→ **WHAT TO PRODUCE**
From the data below, copy exactly the lines that lie between the one holding "Halı yıkama işletmeleri" and the one holding "puzzles, or art", including both, and nothing more.

→ **GIVEN DATA**

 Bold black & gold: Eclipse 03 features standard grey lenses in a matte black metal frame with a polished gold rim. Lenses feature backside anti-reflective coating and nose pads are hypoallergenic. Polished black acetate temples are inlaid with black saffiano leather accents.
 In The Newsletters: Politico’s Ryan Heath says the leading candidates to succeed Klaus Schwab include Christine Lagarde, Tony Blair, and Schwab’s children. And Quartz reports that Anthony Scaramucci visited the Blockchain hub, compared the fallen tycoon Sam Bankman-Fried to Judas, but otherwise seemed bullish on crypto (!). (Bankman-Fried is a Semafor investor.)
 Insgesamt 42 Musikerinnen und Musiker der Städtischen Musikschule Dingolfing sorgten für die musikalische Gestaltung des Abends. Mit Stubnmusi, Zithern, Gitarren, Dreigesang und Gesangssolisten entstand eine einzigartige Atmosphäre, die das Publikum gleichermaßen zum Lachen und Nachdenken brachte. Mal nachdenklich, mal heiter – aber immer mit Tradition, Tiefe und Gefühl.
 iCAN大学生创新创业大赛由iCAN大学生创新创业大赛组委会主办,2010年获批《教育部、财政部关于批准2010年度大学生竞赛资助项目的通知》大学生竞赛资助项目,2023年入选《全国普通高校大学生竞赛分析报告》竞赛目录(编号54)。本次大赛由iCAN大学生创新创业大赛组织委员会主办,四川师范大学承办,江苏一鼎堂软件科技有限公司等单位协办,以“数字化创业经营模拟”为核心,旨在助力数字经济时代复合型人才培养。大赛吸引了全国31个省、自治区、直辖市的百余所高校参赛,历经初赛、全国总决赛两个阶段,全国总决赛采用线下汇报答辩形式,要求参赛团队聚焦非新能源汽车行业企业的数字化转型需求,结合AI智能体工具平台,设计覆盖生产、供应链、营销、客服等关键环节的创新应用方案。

==

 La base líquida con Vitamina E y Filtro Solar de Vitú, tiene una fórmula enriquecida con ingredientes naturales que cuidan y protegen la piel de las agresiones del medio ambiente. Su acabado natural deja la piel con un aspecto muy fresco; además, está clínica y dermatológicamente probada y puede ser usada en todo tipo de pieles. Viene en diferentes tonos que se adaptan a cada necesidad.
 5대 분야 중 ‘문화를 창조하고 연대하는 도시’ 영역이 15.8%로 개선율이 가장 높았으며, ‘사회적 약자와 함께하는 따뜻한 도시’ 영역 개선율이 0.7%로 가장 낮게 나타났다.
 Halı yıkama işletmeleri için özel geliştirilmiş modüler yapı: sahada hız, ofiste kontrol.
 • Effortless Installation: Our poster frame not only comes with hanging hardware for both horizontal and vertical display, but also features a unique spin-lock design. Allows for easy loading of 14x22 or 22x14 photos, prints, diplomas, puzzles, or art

* * *

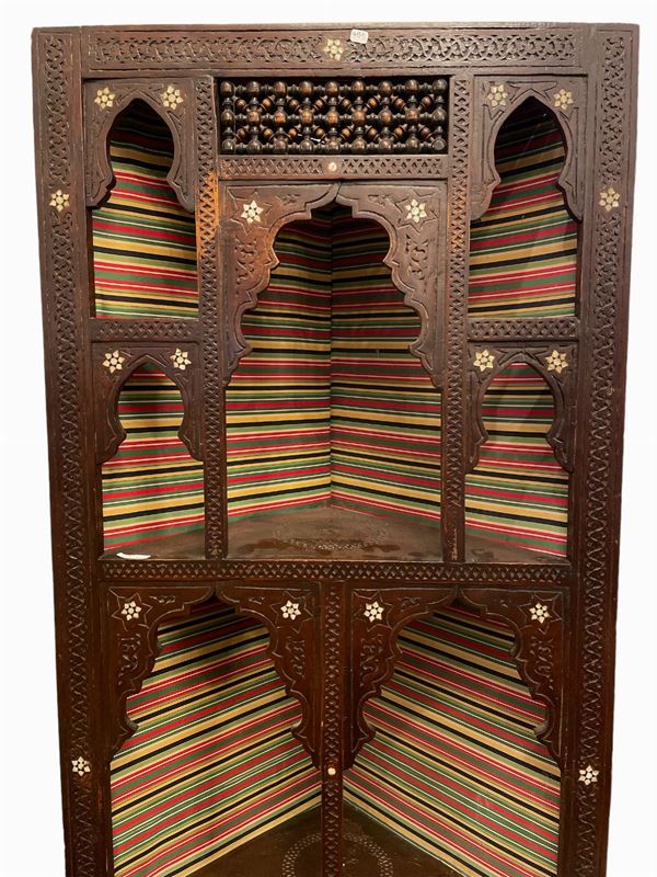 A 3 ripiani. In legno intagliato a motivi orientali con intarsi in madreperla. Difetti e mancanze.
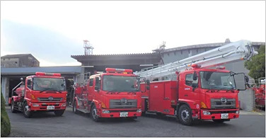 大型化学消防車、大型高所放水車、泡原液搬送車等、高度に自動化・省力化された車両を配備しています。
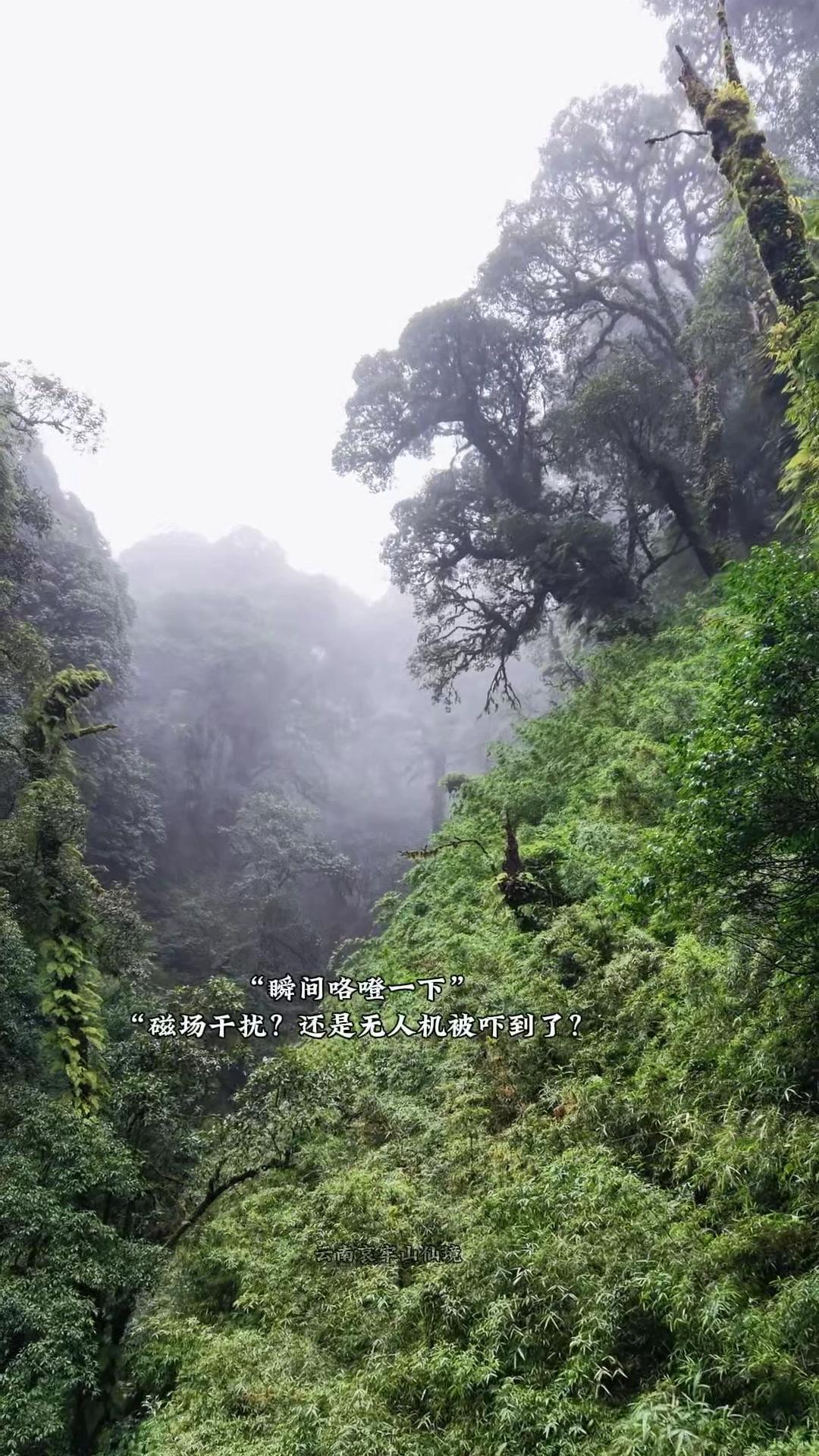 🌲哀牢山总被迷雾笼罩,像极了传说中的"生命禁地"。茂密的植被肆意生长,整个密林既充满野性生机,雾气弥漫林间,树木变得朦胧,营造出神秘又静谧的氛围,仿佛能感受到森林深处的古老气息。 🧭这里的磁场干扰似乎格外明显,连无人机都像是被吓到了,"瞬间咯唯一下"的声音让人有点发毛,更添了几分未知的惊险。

→ **TASK RESULT**
 Halı yıkama işletmeleri için özel geliştirilmiş modüler yapı: sahada hız, ofiste kontrol.
 • Effortless Installation: Our poster frame not only comes with hanging hardware for both horizontal and vertical display, but also features a unique spin-lock design. Allows for easy loading of 14x22 or 22x14 photos, prints, diplomas, puzzles, or art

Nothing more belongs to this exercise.